Hello,
I would like to use DESeq2 on ATAC-seq data from human disease and control individuals. I know based on PCA plot that age is a big confounder. So, I want to first correct for age as a covariate, and then use RUVseq on the age-corrected count set to identify other unknown confounders and batch effects. What's the best way to do it?
Should I do this below or something else? 1) Using design(ddsruv) <- ~ W1 + age + disease
dds <- DESeqDataSetFromMatrix(countData = cts,
colData = condition,
design = ~ age + disease)
dds$disease <- relevel(dds$disease, ref = "Control")
#DE analysis
dds<-DESeq(dds)
res<-results(dds)
#RUVseq
set <- newSeqExpressionSet(counts(dds))
idx <- rowSums(counts(set) > 5) >= 2
set <- set[idx, ]
set <- betweenLaneNormalization(set, which="upper")

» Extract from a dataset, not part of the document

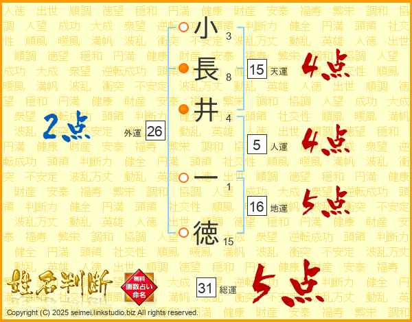 小(3画)長(8画)井(4画) 一(1画)徳(15画)

not.sig <- rownames(res)[which(res$pvalue > .95)]
empirical <- rownames(set)[ rownames(set) %in% not.sig ]
set <- RUVg(set, empirical, k=1)
pData(set)
#re-run DEseq w/ RUV factors added
ddsruv<-dds
ddsruv$W1 <-set$W_1
design(ddsruv) <- ~ W1 + age + disease
ddsruv<-DESeq(ddsruv)
ddsruvClean <- ddsruv[which(mcols(ddsruv)$betaConv),]
resruv<-results(ddsruvClean)
summary(resruv)
Alternatively, should I just use a design ~W1 + disease (perhaps using k=2, and adding W2), because RUVseq would take into account the known age-related confounding as well.
Thanks, Lisa
Thank you, I think that makes sense. And should I still use the original dds matrix after I do the RUVseq analysis? Is this correct?
This looks correct to me. You can also plot W1 and W2 against age and disease.